An hour into the Purple magazine party at the Top of the Standard, Lindsay Lohan stepped down into our cluster of booths, and did a quick left-right scan of the Fashion Week die-hards sitting nearby. As she was about to leave, two familiar voices rang out.
“Lindsaaaay,” Nicky Hilton said.
“Oh heyyyy Lindsay,” Paris Hilton said.
The three embraced with little enthusiasm, as if their hellos were nothing more than a perfunctory nod to their harder-partying times of nearly a decade ago. Or, perhaps, they were just really, really tired: it was Wednesday, more than a week into the biannual cocktails-and-couture marathon. And though there’s still one more night, the bash for Olivier Zahm’s ultra hip magazine -- which was hosted by Proenza Schouler and consisted of a hub in the Boom Boom Room, a Chez Andre pop-up in Le Bain, and constant mobs across the amble rooftop real estate -- seemed like the grande finale.
Fashion Week’s penultimate night began across town, at the other Standard Hotel, the Standard East Village. After nearly two years of renovations, the property was finally ready to emerge from the shadow of its pretty older sister. The lobby resembled one of the neighborhood’s nicer tenement ground floors, and the view from the top was a stunner (especially with the two light beams shooting up from Ground Zero).
The event was for a sculpture collaboration between Daniel Arsham and Pharrell, the producer who can ride out the success of the year’s two biggest songs -- “Get Lucky” and “Blurred Lines” -- for at least another few weeks. (Despite his recent ubiquity, our plus one for the evening, who happened to be our father, had no idea who Pharrell was, and probably still doesn’t.)
But perhaps Skateboard P isn’t known as an artist? Mr. Ashram brought it out in him, using as inspiration a cheap Radio Shack beat machine Pharrell used to make some of his earliest tunes. The artist took that and created sculptures of the keyboard that appear to be crumbling rock.
“This exact work started out from a suggestion that I gave him, which was, ‘What was something that was really important to you for your career musically?’” Mr. Arsham told us. “For him it was this keyboard that was sold at Radio Shack in 1987.”
Noted. But Pharrell looked much more in rock star mode than art star mode: hopping around in a straw cabana hat, taking selfies with fans, turning down interview requests. Mr. Ashram hinted at more collaborations between the two of them, but didn’t elaborate. There’s a chance the ascendant producer has to, you know, make more number one hits or something.

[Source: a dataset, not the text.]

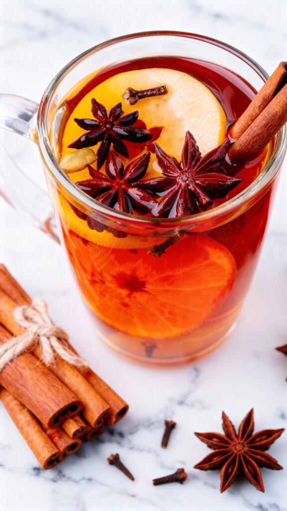 - Keep cinnamon sticks and star anise loose for visual appeal and gentle infusion.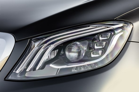 In 2013, the S-Class became the first automobile to use exclusively LEDs as light sources. The Intelligent Light System is now optionally available with MULTIBEAM LED headlamps and ULTRA RANGE main beams. The ULTRA RANGE main beams produce the maximum light intensity permitted by law, which results in the brightness of the main beams remaining above the reference value of 1 lux over a distance of more than 650 metres.

After squeezing in dinner (remember dinner?) with dad, it was off to The Standard, where at the doors the best-dressed angry mob in history clamored for a way to get in. Many of them made it up, it seemed: the crowd was so big that, for the most part, celebrities managed to blend in with the hangers-on. Leonardo DiCaprio sat with his aging Pussy Posse members Ethan Suplee and Lukas Haas in a corner. Leo had on a silly cap, smoked an electronic cigarette and was constantly texting. Lindsay Lohan made an early exit, but Paris and Nicky Hilton couldn’t seem to leave. Singer Dev Hynes shimmied on the dance floor, Sky Ferreira chilled on a smoking deck upstairs, and the two Andres responsible for the name of Chez Andre -- that would be Standard owner Andre Balazs and Le Bain operator Andre Saraiva -- bopped around the room greeting their guests.
“I’m really happy to be here,” said Mr. Saraiva, moving from Chez Andre in Le Bain to the Boom Boom Room. “That’s it! No, I’m happy for real. It’s getting bigger and bigger.”
But the most memorable moment of the night came when we were walking down the stairs after another long meandering stroll across the roof decks, with their panoramic views of the city, when we saw Courtney Love coming up the stairs. She stopped for a hug, and then turned to the young woman next to her, who looked very familiar.
“This is my daughter, Frances,” she said. We said hello to Frances Bean Cobain, the only daughter of Kurt Cobain and Courtney Love, who’s had some pretty public problems with her mother in the past. But there, on the steps at the Purple party of all places, they seemed perfectly wholesome, a really happy mother-daughter duo, not unlike the pairing of us and our dad earlier in the night. Maybe Fashion Week should be more of a family affair.